Alternative solution needed for investigating loss of MH17

Russia’s Security Council veto means other means may be used to find those responsible

Australia, Malaysia, the Netherlands, Belgium and Ukraine have pledged to seek an alternative means of bringing to justice those who shot down Malaysia Airlines flight MH17, after a Russian veto at the UN Security Council last week put paid to an international tribunal.

If the aim of Wednesday's draft resolution was to underline for the world that Russian president Vladimir Putin is immune to embarrassment, then perhaps it did its job, with 11 of the council's 15 members voting in favour, three (including China) abstaining and only Russia unashamedly against.

If, however, the aim was more than that, to achieve – as Australian foreign minister Julie Bishop seemed to suggest – rare security council unanimity by applying moral pressure to Russia to support a tribunal, then that was never going to work.

For the second time in a fortnight, Moscow's unshakable opposition to a tribunal was confirmed by Putin in a phone call initiated by Dutch prime minister Mark Rutte, on the very morning of the Security Council vote.



Characteristically, Putin didn’t give an inch. While the Dutch described the call as “open and in-depth”, a Kremlin spokesman said the president simply reiterated his consistent view that it was “inexpedient to create such a judicial body”.

So why is a tribunal regarded by relatives of the 298 MH17 passengers and crew who died in July last year as the best hope of justice? And are there any other legal avenues that can possibly succeed without Russian support?

In truth – although it would, ideally, have named those responsible and issued arrest warrants – not everyone in the West is as enthusiastic about a tribunal as the diplomatic build-up to last week’s vote may have suggested.

Many of those most dubious are experienced lawyers. Some of these have been involved in special international courts such as those for the former Yugoslavia, Rwanda, Sierra Leone, Lebanon or Cambodia and say they are slow and costly.

The Lebanon tribunal, for example, was set up in The Hague in 2009 to prosecute those behind the assassination of former Lebanese prime minister Rafic Hariri, killed by a car bomb in Beirut in 2005.

The tribunal’s original mandate was for three years, but it has already run for twice that.
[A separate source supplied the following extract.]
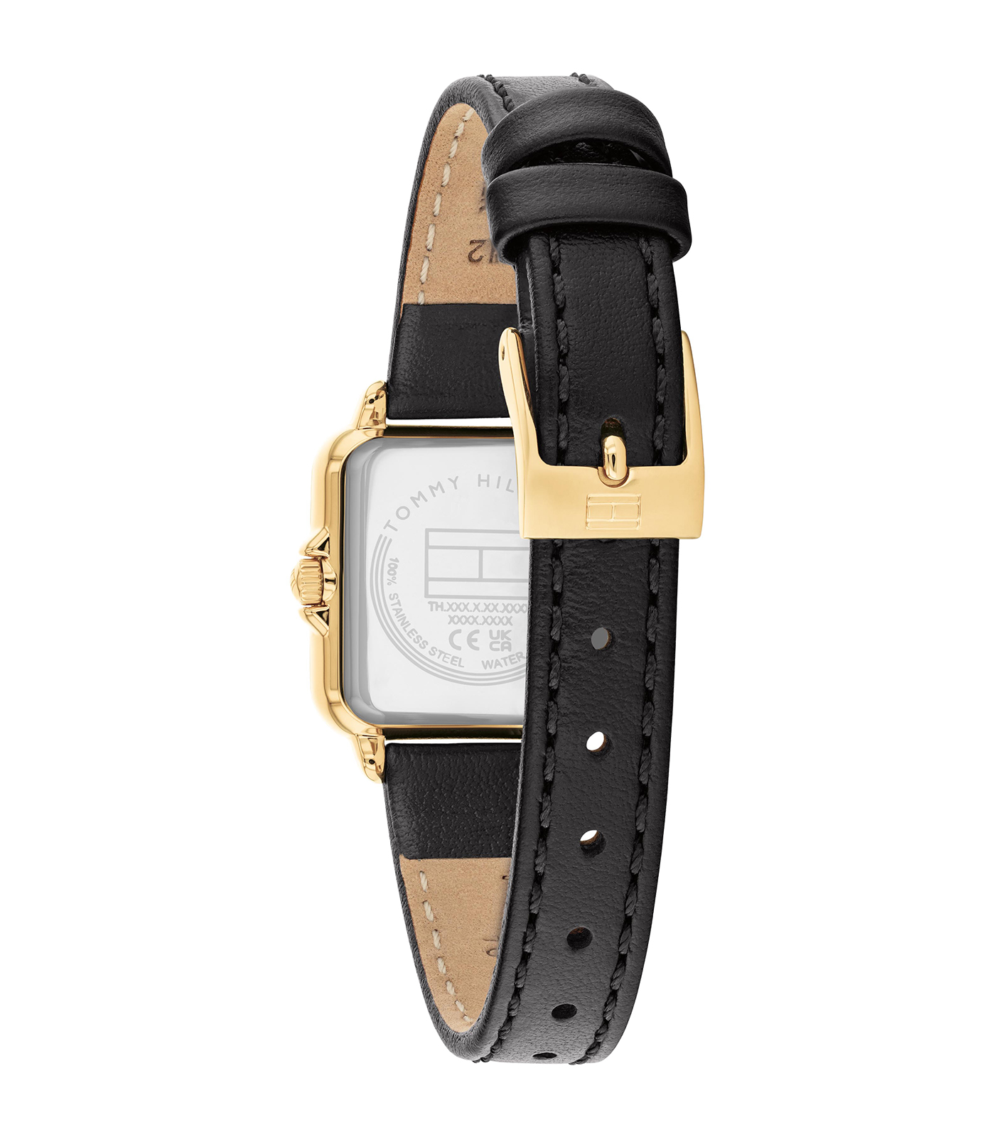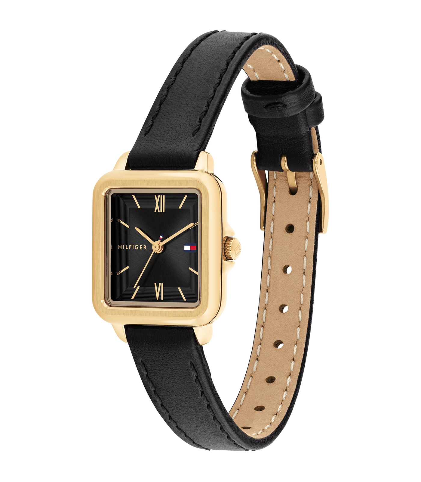 Het Tommy Hilfiger Dames Horloge 1782835 is een elegante toevoeging aan je collectie. Met een zwarte, lederen band en een rechthoekige roestvrijstalen, goudkleurige kast. De analoge wijzerplaat met Romeinse indexen maakt het horloge stijlvol. Waterbestendig tot 3 ATM, quartz uurwerk en nikkelvrij - ideaal voor dagelijks gebruik. Combineer het met casual en zakelijke outfits.

It has so far cost €400 million, yet nobody has been brought to justice and there is no sign of it ending.

The Yugoslav tribunal was set up in 1993 with an annual budget of $276,000, but by 2010-2011 that had ballooned to $300 million a year.

“Unfortunately, we know that tribunals simply do not work well,” says Dutch criminal lawyer and academic, Göran Sluiter.

The legal alternative most frequently proposed is to refer the MH17 case to the International Criminal Court (ICC).


Although it is not an ICC member, Ukraine asked the court last year to investigate crimes allegedly committed in its territory between November 21st, 2013 and February 22nd, 2014 – when the previous pro-Russian government was still in power.

“If it so wished,” says Professor Steven Freeland of the University of Western Sydney, “Ukraine could lodge a further declaration dealing with events leading up to and including the downing of MH17.”

The ICC route, however, has already been ruled out by the Dutch government.

In July of last year, then justice minister Ivo Opstelten briefed parliament that only in cases where the countries involved were unwilling or unable to prosecute were atrocities referred to the ICC – and that was not the situation in the Netherlands or in Malaysia.

The best remaining option seems to be for the Netherlands to prosecute those responsible itself.

As it happens, when the ICC was set up in 2002, the Netherlands changed its domestic law to ensure that crimes listed in the ICC statute were also considered crimes under Dutch domestic law, with universal jurisdiction.

That change may now turn out to have been rather prescient.

The challenges facing the Dutch, however, would then become those perennially facing the ICC: identifying the culprits, arresting them, transferring them to The Hague, and – most topically of all in view of the court’s recent sorry history – securing convictions.